Evidence-related issues common to cases in a mass tort demonstrate an obvious visual solution:

  • Exposure Pathways

The animations depict just how contaminants migrate – through airborne particulates, groundwater, dermal absorption. This makes otherwise intangible processes less susceptible to defense strategies of confusion.

  • Disease Progression

For example, demonstratives of exposure to pathology in cases of mesothelioma, leukemia, endocrine disruption, or other latent diseases may include timelines of causation from exposure to disease development. 

  • Drug and Chemical Mechanisms of Action

Pharmaceutical mass tort cases involve how a drug harmed a plaintiff. Visuals help to demonstrate receptor interactions, metabolic pathways, and unintended drug reactions better than a testimonial statement can.

  • Defective Medical Devices

In cases involving devices, such as mesh, hips, surgical instruments, insulin pumps, pictures may be about all that is possible to present to jurors about:

    • How it is supposed to work
    • Where the failure occurred
    • How that failure led to tissue damage or systemic injury
    • Why alternative explanations do not fit the biomechanics.

Cutaways, detail views, and failure animations allow complex concepts in engineering and biomedicine to be reframed as compelling stories.
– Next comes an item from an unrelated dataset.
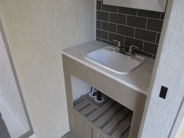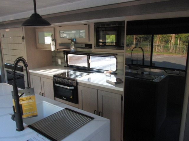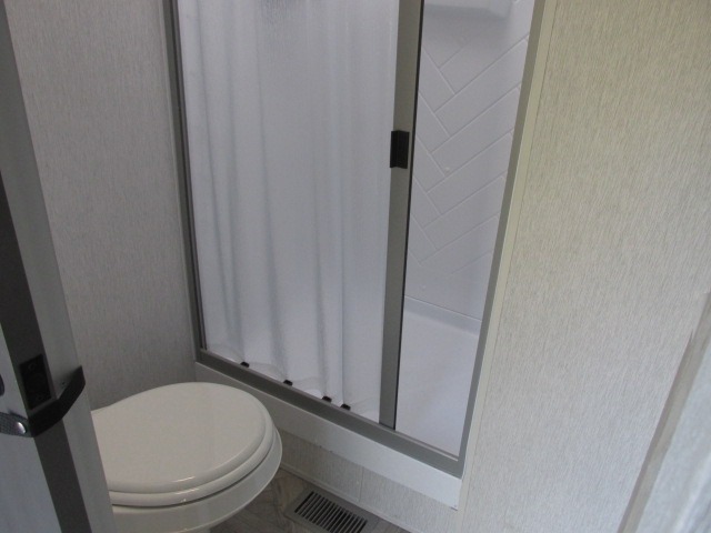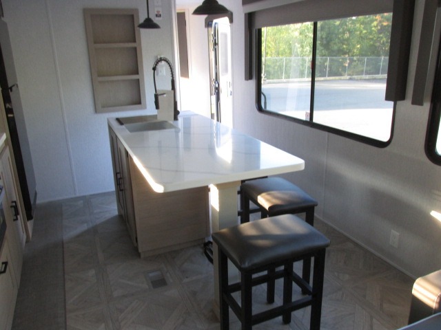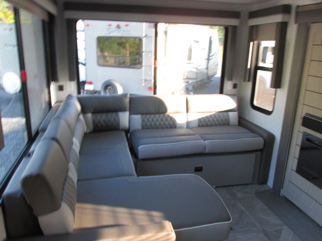 The perfect couple's coach with a view! This Salem View features a 7' kitchen island with a waterfall edge and five bar stools for dining and prep space. The island also houses a double kitchen sink for easy clean-up. Thanks to the island, you will enjoy 15 linear feet of countertop space throughout. The view will be of your choosing thanks to 95.5 square feet of windows that will easily bring the outdoors inside. A sectional sofa across the back of the unit provides ample seating to relax and enjoy a good book or the entertainment center. Behind the entertainment center, you will find hidden storage space with shelves so everything can be tucked out of sight, and an oversized refrigerator will provide enough space for your perishables while you are on vacation as well. A full bath is conveniently located near the main entry featuring StepAbove entry steps. The bath provides a walk-in shower, vanity with sink, toilet, and linen storage. In the private front bedroom, a Versa-Tilt custom king bed will allow you a relaxing and comfortable night's rest, and once again, a great view out the dual opposing windows. On the outside, a 23' awning offers additional living space protected from the elements, and a spacious pass-through storage compartment will allow you to stow away your camp chairs and outdoor equipment and games easily for transport.

  • The Causation Advantage

The defense flourishes in creating confusion – through hypothetical injuries, biomechanical impossibilities, and unclear timelines. Graphics work to eliminate this by creating a clear cause-and-effect manner in which jurors could reconstruct an answer to the question in a jury room. For cases in which multiple people have been injured, whether by a pharmaceutical drug, defective product, etc., having strong visuals is critical. 

The Bottom Line

For each upcoming case, whether it’s chemical, pharmaceutical, or device-related, ask this question: Can a jury really hear your causation message without seeing it? If not, then demonstratives aren’t enhancements; they’re a critical part of having a winning strategy in complex cases in today’s courtroom environment.